Позвать на помощь? Кого? Впереди двое тащут третьего. Они заняты, помочь не могут. Нет-нет, он бригадир, он сам как-нибудь... Дух переведет и догонит...
А потом Мочан понял, что ничего не видит. Смотрит широко раскрытыми глазами, а впереди тускло - зеленая мгла, цвета вылинявшей гимнастерки. Голоса и шаркающие ноги ныряют в эту мглу. Мочан слышит странный звук, будто что-то твердое стучит в его шлем...
Проходит секунда, а может быть, и полчаса. Мочан еще раз открывает глаза и видит прямо перед собой (теперь он отлично видит) полукруглую облицовку перекрытия. Почему же не стену, а перекрытие? Мочан постепенно соображает, что перекрытие оказалось перед его глазами по той причине, что сам он лежит на полу, а лежит потому, что упал, а упал, потерявши сознание, падая, ударился шлемом о плиту и, вероятно, слышал именно этот удар. Когда это было? Сколько времени он лежит здесь?
- Эй, парень, ты что, глупый? Нашел место, где спать. Взрыв через 10 минут. - Озабоченные глаза Ковалева смотрят на Мочана через два стекла.
- Ах, это вы, Григорий Онисимович! Вам плохо?
Мочан поднимается на ноги медленнее, чем хотелось. 10 минут до взрыва! А близко ли выход? Целых два километра? Бежать, что есть мочи, скорее бежать!!!
Но вялые ноги не могут бежать, что есть мочи, и живой комок в груди протестует. Сердце требует покоя.
- Худо мне, Степан, - говорит Мочан неожиданно тоненьким и жалостливым голосом.
- Ничего, крепитесь. Это тепловой удар, у нас в Духовке часто бывает. Вам полежать бы, да нельзя. Идемте, я помогу.
Мочан потихоньку плетется, стыдясь своей слабости. У него шумит в ушах, покалывает в сердце и нестерпимо тошнит.
- Крепитесь, осталась всего лишь одна минута! Но Мочан не может крепиться. Тошнота держит его за горло и зеленая мгла подступает к глазам...
- Чуть отдохну, Степа...
В этот момент отдаленный удар сотрясает подземелье. Грохот сменяется щелканием и звоном - это стучат по стенам стальные осколки и взорванные камни.
Страх прибавляет силы Мочану. Он тяжело топает, почти бежит перед Ковалевым.

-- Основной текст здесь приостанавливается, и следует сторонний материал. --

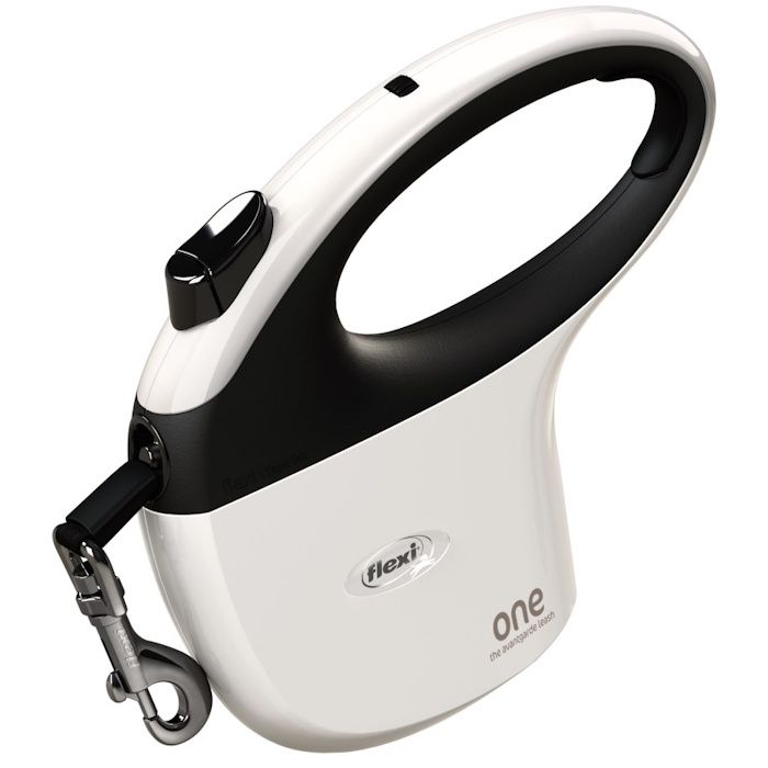 - Flexi povodec iz linije One ima izpopolnjen podaljšek traka in še posebej robusten trak.

А сзади слышится, все усиливаясь, странный звук, похожий на грохот колес проносящегося мимо поезда. Мочан понимает: это мчится по гулкому коридору прорвавшаяся лава, перекатывая камни и куски комбайна, превращенного в металлический лом.
Кто обгонит - лава или люди? Люди гораздо ближе, но лава движется быстрее. Девятикилометровый гладкий и прямой тоннель она пройдет из конца в конец меньше, чем за 20 минут. За 20 минут люди, конечно, добегут до выхода... если они будут бежать.
- Ох, лихо мне, Степан... подожди минутку, постой.
- Да поймите вы, нельзя стоять ни секунды.
Ковалев подхватывает Мочана на спину. Шаркая асбестовыми подошвами, Ковалев бежит, нет, бежать не хватает сил, он идет крупным шагом... Скорее, скорее! Шум, похожий на грохот колес, приближается. Правда, гулкий коридор усиливает звук. На самом деле, лава не так близко, а кажется, что грохочет совсем рядом...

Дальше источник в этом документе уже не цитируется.